‘Man is a social animal’. ‘A sense of belonging is one of our most fundamental needs’. So what does it mean when a money manager says he or she ‘is a value investor’ or the lover who says to the other ‘I am yours’ or the voter who exercises his or her franchise on the basis of the candidate’s caste, religion or ideological beliefs (rather than the candidate’s inherent capability) or the movie lover who bases choice on box office collection / crass popularity?
This sense of belonging emanates from one (or more) of many factors: conditioning, habit, fashion, prejudice, laziness or plain herding behavior. The common theme between all these factors is lack of clear and deep thought in making one’s choice. What does this sense of belonging do to a person? Isn’t it true that unconditionally accepting the default or popular choice ends up limiting our own perspective? This cramps our free thought, makes us follow compliant behavior and creates deep (but consciously unacknowledged) conflict in our psyche.
A sure shot way of limiting discovery is to associate with the thought of others. This gets played out in our world in every sphere of life – the tribe of value investors which grows each time the market heads south; more lately, the people that identify with majoritarianism (hitherto silent or hesitant for some reason) are making themselves heard since the political environment turned more conducive; the soldiers that were ‘only following orders’. Does this also not explain the trend of mind-numbing movies being part of the ‘100 Crore club’? The more vacuous a movie is, the more it collects since an entire tribe has been created of people who believe that a motion picture extravaganza starring ABC or directed by XYZ has to be a blockbuster. I can imagine these stars and directors waking up each morning and praying to their god/goddess of wealth to increase this tribe of ‘dimaag ghar pey raakh kay aaneka’ types.

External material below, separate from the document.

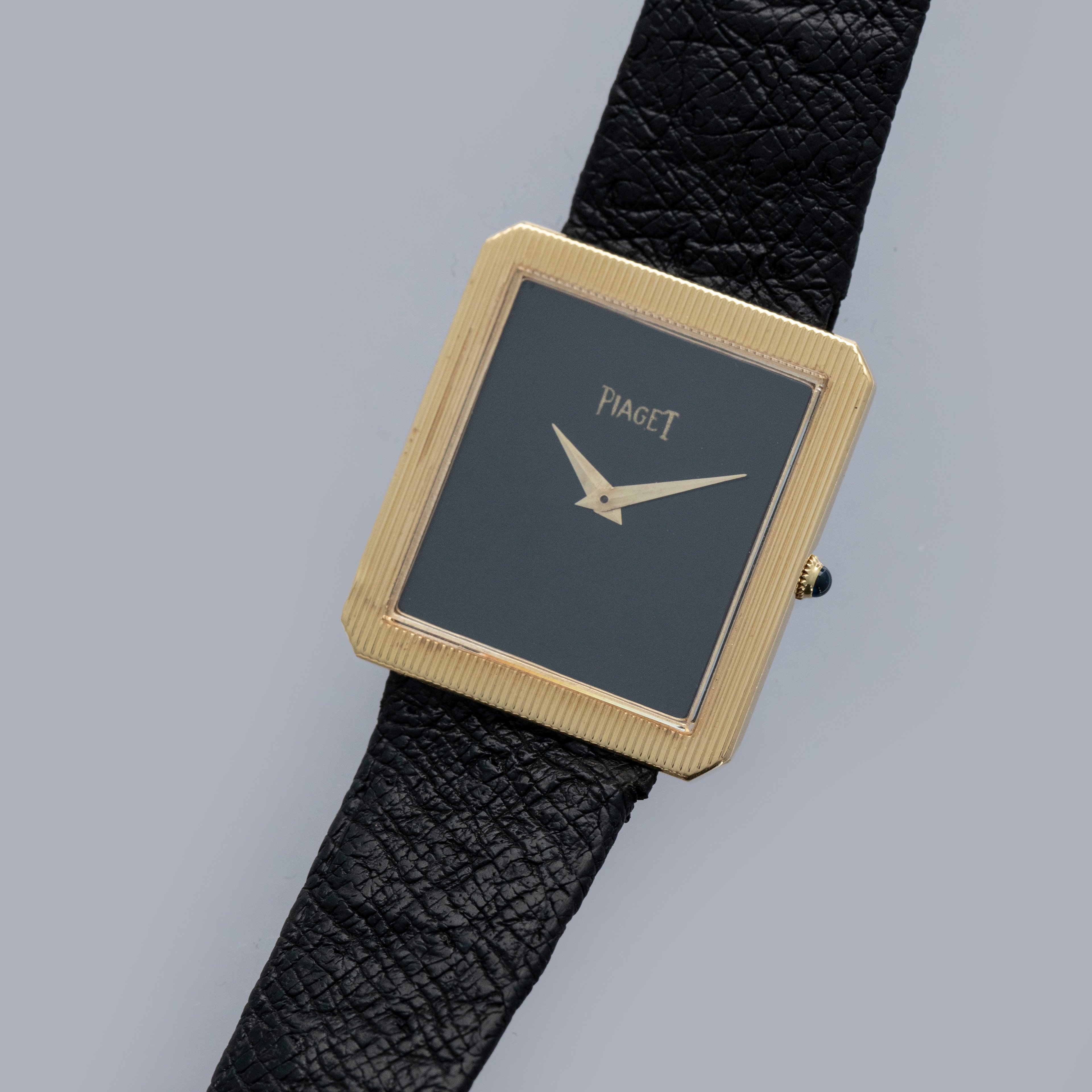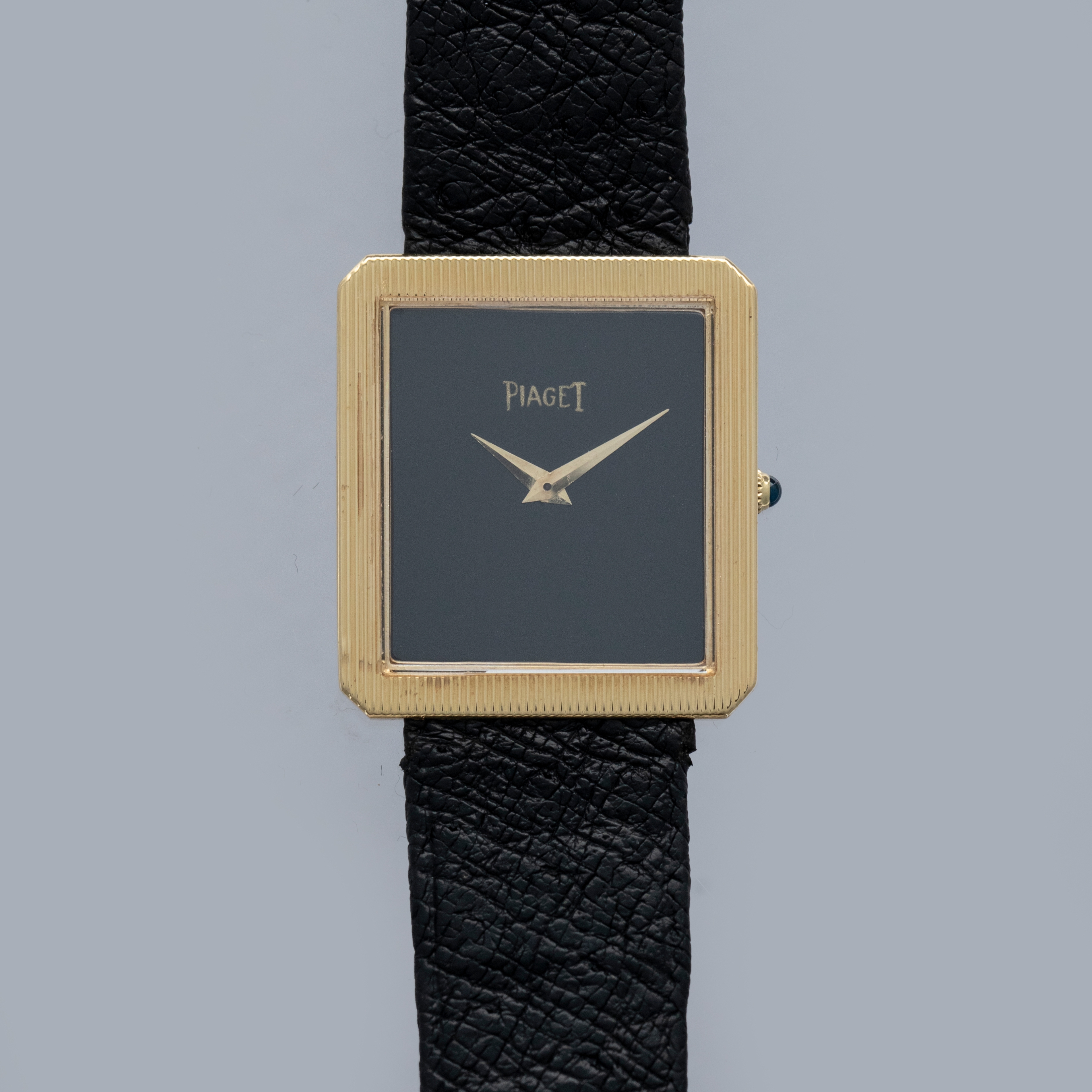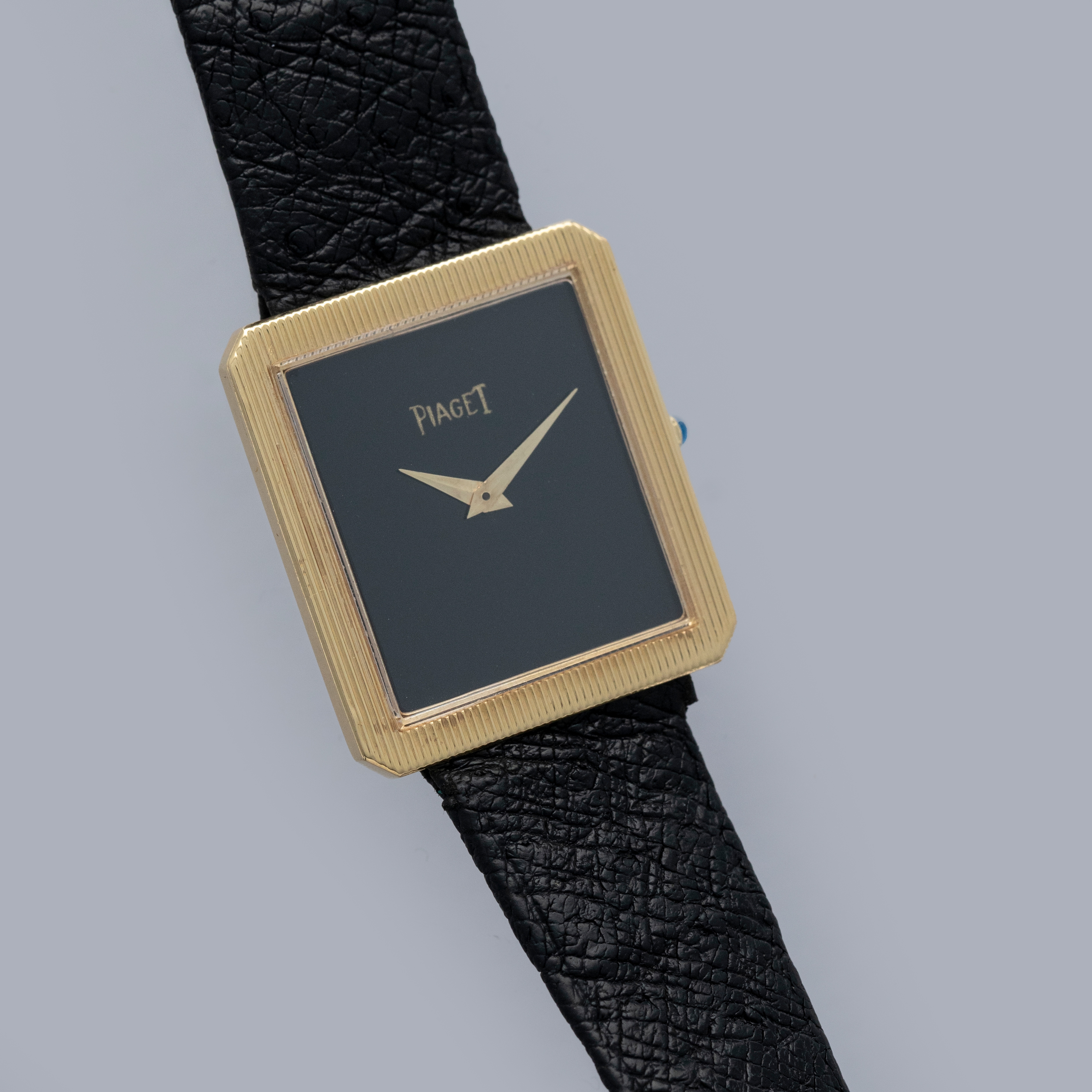 Founded in 1874 by a young 19-year-old in the village of La Côte-aux-Fées, Piaget was originally nothing but a means for Georges Piaget to earn some extra money as he worked on movements and watches during the winter. After decades of producing watches for other brands, it was not until 1943 that the watchmaker would begin to sign their own watches and develop as the famed watchmaker that they are today. From then on, Piaget began to experiment with ultra-thin watches and push both horological and design boundaries, which eventually led to the brand expanding into jewelry in 1959, perhaps the brand’s best-known avenue today. With their impeccable craftsmanship, audacious style, and dedication to the spectacular, Piaget’s timepieces and jewelry began to coalesce, resulting in timepieces much like the Protocole ref. 5194 that we have here, which became a signature offering from within Piaget’s catalog. Boasting an 18kt yellow gold rectangular case measuring 25mm wide and 28mm tall with a lug-free design and an interesting vertical ‘tapestry’ pattern engraved down its entire front, the Protocole is an iconic piece of Piaget design. However, while the ref. 5194’s case is unique, this example’s jet-black onyx stone dial is what truly sets it apart. A stunning result of Piaget’s incredible work with stone dials, this timepiece likely resulted from Piaget’s Style Selector program where clients could pick from a variety of dials, bracelet options, case finishes, materials, and more for their watch. These stone dial Piaget offerings have become increasingly sought-after, and this onyx dial Protocole ref. 5194 is a perfect reminder of why collectors have flocked to them in recent times.

Well, the point is that each moment spent without exercising free thought and choice or inhibiting discovery is a crime against evolution and nature. Our species evolved to discover and not to inhibit our thought, much as our leaders, elders, priests, teachers, and bosses would like us to.
Daniel Kahneman through his seminal research (a good start is his brilliant book Thinking, Fast & Slow) suggests that the human mind has two systems in use: a reactive, instantaneous and instinctive System 1 that makes decisions on the fly; and a more deliberate, slow and thoughtful (but lazy) System 2 that analyses, rationalizes and makes rational decisions. System 1 had its utility ages back when fight or flight decisions needed to be taken on cue. Then came a phase where deep thought (System 2) and innovation led to discoveries, inventions and the industrial age. Now (say the last 5-10 years) we are back to the stimulant times that involve System 1 again although the stimulants are nowhere near the momentary (or imperative) kinds that say predators wrought on us. Movies, e-games, binge TV watching……stimulation is its own reward; why invoke System 2?
I’ve always struggled with my fence-sitting tendencies and have often been mocked and ribbed by my critics and idealistic friends respectively for this. Self-doubt, un-conventionalism and non-compliance are not the crimes they are made out to be. Always ask ‘What If?’ and ‘Why Not?’. Stay weird, stay different.